Leslie - I have been an Alaska Court clerk, director of youth camps, built my own log cabin, taught 8th grade, built/remodeled/demolished a few houses, served as full-time volunteer for HFHI as a Global Village trainer in Asia Pacific, and as a team leader. My most full-filling, ever-changing job has been, and still is, that of a mom. I enjoy spending my time with Bob in most of the things he does, especially in Alaska. I always look forward to meeting new people on teams, and experiencing different cultures with them. I can be easily bribed with ice cream and can eat more of it than anyone, our three sons excluded (they learned from the best).

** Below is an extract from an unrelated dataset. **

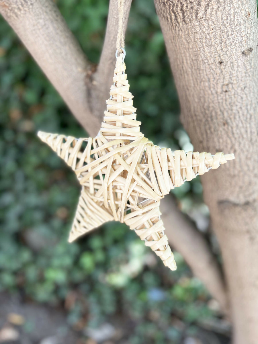 La estrella está fabricado con mimbre, lo que le da un aspecto orgánico y texturizado. La fibra natural es duradera y resistente, asegurando la calidad y longevidad de la estrella.

Andrea - I have Nursing degrees and did direct patient care for a few years. I am currently working as a Clinical Analyst using my nursing experience and computer technology to assist in the implementation of a clinical system. My part is to ensure that is tested thoroughly before the clinicians are able to use it. The GV teams I have been on are to Anchorage, AK (2), Kauai, HI, Biloxi, MS and Serbia, Russia (the pictures is in Moscow, from the Siberia team). This will be my second international one. This is my third team with the Bells and my fourth with Bob. I think they can not get rid of me until I get it right! What I'm looking forward to the most while in PNG is working with all you special folks of the team and the PNG people. I am also looking forward to the beauty of the country and their spirit. This will be my first time working without any electricity. I think it is going to be fun to just let go and go with the flow. I like to spend my free time running, playing the piano, and now I have started quilting. I am hoping to finish painting my office before I leave. So that is one of the things keeping me occupied in the cold winter days here in the Chicago area. When I grow up, I want to be loving life and never loose the passion of living.

Hello everyone,
I’m Diane Erickson. I have lived in Alaska since 2001 and I am enjoying all things Alaskan, including our malamutes. The ‘puppy’ in the picture with me is Tuk (short for Tuktyuktuk). Tuk is 1 ½ years old and his little (only 120 pounds) brother Frost is 9 months old. The other members of my peaceable kingdom include Meowie and Miss Kitty and my significant other, John. John and I live up on Hiland Road. We are both teachers at the University of Alaska Anchorage. So, we have lots of time to enjoy the summers in Alaska. I am looking forward to meeting and building with all of you in PNG!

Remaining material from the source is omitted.